Yes, you often see debt and deficit doomsday talk from investors worried about inflation. But Wall Street and investors are hardly fiscal conservatives or small-government types. Consider the examples Yablon gives in the article of spending that didn’t trigger inflation or higher interest rates: “Periodic expansions of the federal deficit (the War on Terror, the Bush tax cuts, the post-2008 bank bailouts and stimulus, the Trump tax cuts, the CARES act).”
If you’re old enough to remember the Iraq War, President George W. Bush’s tax cuts, and the Wall Street bailout, you know that Wall Street was hardly #resisting these things. All of the examples of deficit-stimulating government action had Wall Street’s support.
So, it’s not much of a mystery when the article asks, “Practically speaking, how might Wall Street and the American Left work together?”
The writer, Yablon, points to green energy financing. Indeed, John Kerry (Joe Biden’s climate czar) has long lobbied for a federal “Green Bank,” whereby the federal government gives guarantees or other financial backing to private banks. New York’s private bank, for instance, went into business six years ago “providing financial products to [private] lenders, such as credit enhancement, loan loss reserves and loan bundling.”

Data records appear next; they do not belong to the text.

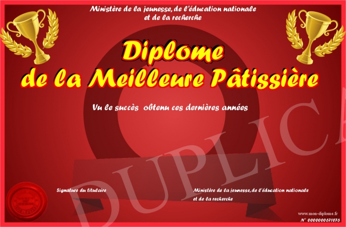 Envoyez par email votre Diplôme de la Meilleure Pâtissière personalisé
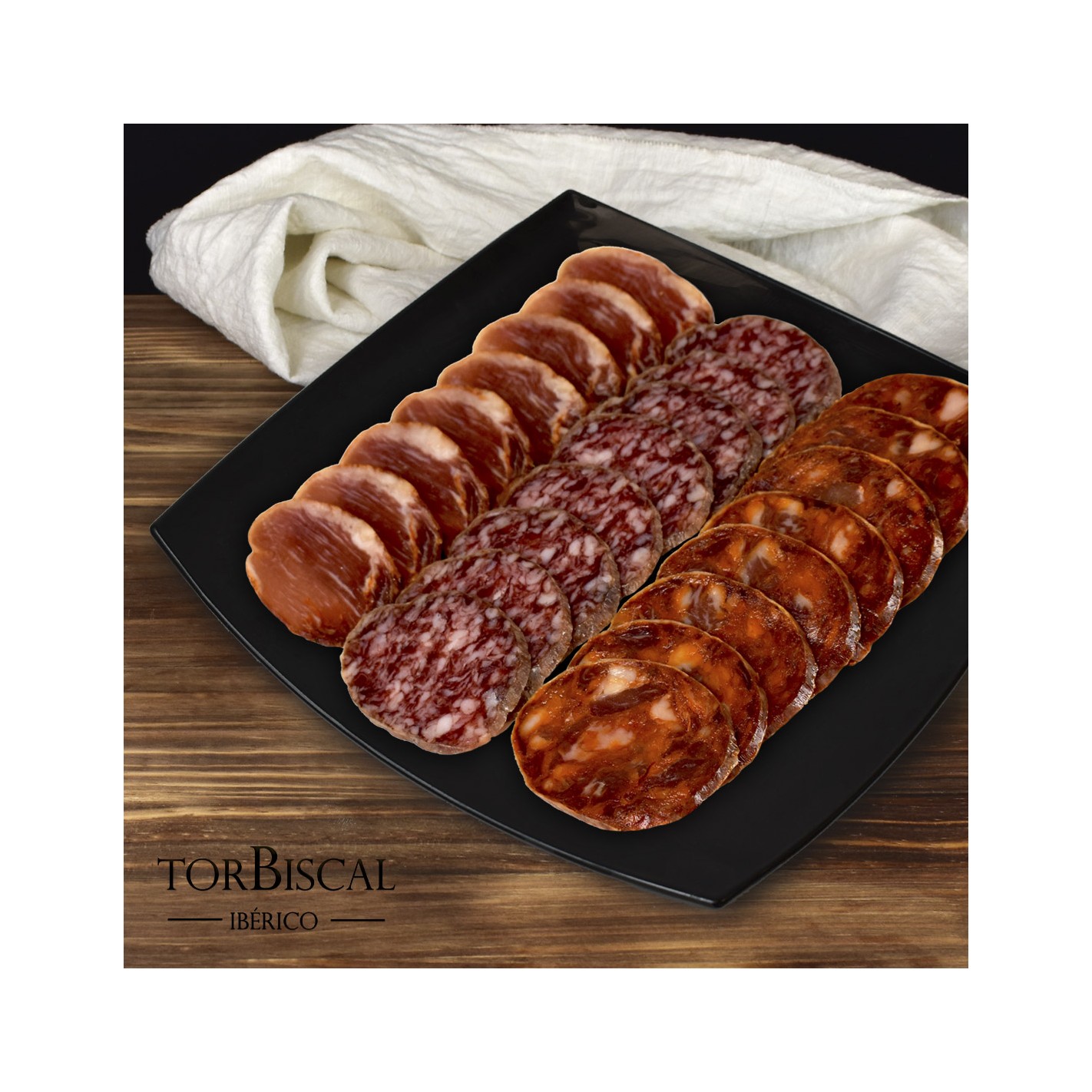 TORBISCAL SELECCIÓN loncheado de jamón bellota ibérico 50% raza ibérica corte cuchillo + lomo bellota ibérico 50% raza ibérica + chorizo ibérico bellota + salchichón ibérico bellota.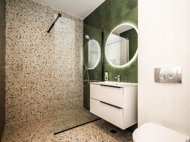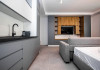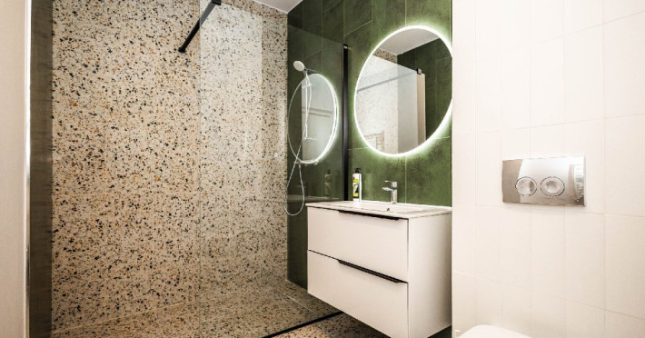 Zona de dormit este echipata cu un pat matrimonial confortabil si o canapea extensibila, oferind astfel pana la 3-4 locuri de dormit. Patul este pozitionat strategic in fata unui TV smart, ideal pentru seri linistite cu filme sau emisiuni preferate.
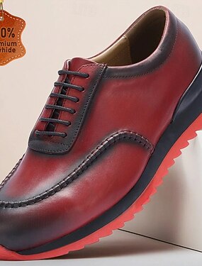 Муж. Классические туфли Для прогулок Классика Кожа Итальянская цельнозерновая коровья кожа Против скольжения Шнуровка Красный Зеленый Лето Весна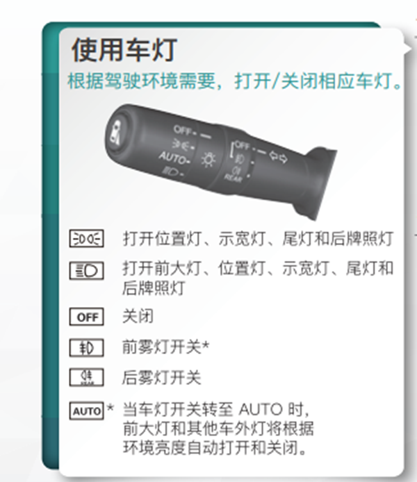 按键的AUTO指示灯亮起,代表自动大灯正在工作。旋转旋钮可切换自动大灯,近光灯与示宽灯。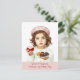 Cute kid with heart-shaped velvet cake chocolates postcard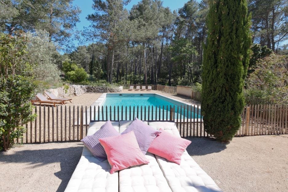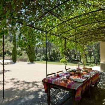 Renovated traditional farmhouse in the heart of the Alpilles. Inside, bright living rooms, sober decoration, spacious rooms in light tones. Outside, a park with trees and landscaped, an awning, vast green areas, a swimming pool, views of the Alpilles.

This state-bank collusion is nothing new. Think of bailouts or of Fannie Mae and Freddie Mac or of the Export-Import Bank. It’s all government leveraging its ability to create money or borrow at low or no cost in order to help banks profit in pursuit of some political agenda. Hardly the stuff of Milton Friedman.
“There’s nothing that a commercial bank loves more than guaranteed financing,” Citigroup Managing Director Michael Eckhart said at the 2015 Ex-Im conference. “That’s a good thing!”
And Wall Street may not be typically thought of as Left, but it’s just as often more Left than Right. Biden raised $13 million from Wall Street, according to the Center for Responsive Politics, more than four times what Trump raised. Wall Street’s three favorite Senate candidates and seven of its top eight were Democrats. The only Republican in that group was Susan Collins, the most liberal Republican, who has an F (17%) from the National Taxpayers Union and who supported the 2009 stimulus bill.
Biden winning the Wall Street cash haul was hardly a shock. The top ten recipients of Wall Street money in 2018 were all Democrats, and Wall Street favored Hillary Clinton by nearly 10-1 in 2016 and favored Barack Obama in 2008.
I don’t mean to pick on the Business Insider story. It’s informative and a decently interesting tale about this cadre of young econo-types. It’s just that the framing — “Oh, my, it seems Wall Street and the Left may finally have something in common” — is a tired canard based on false premises.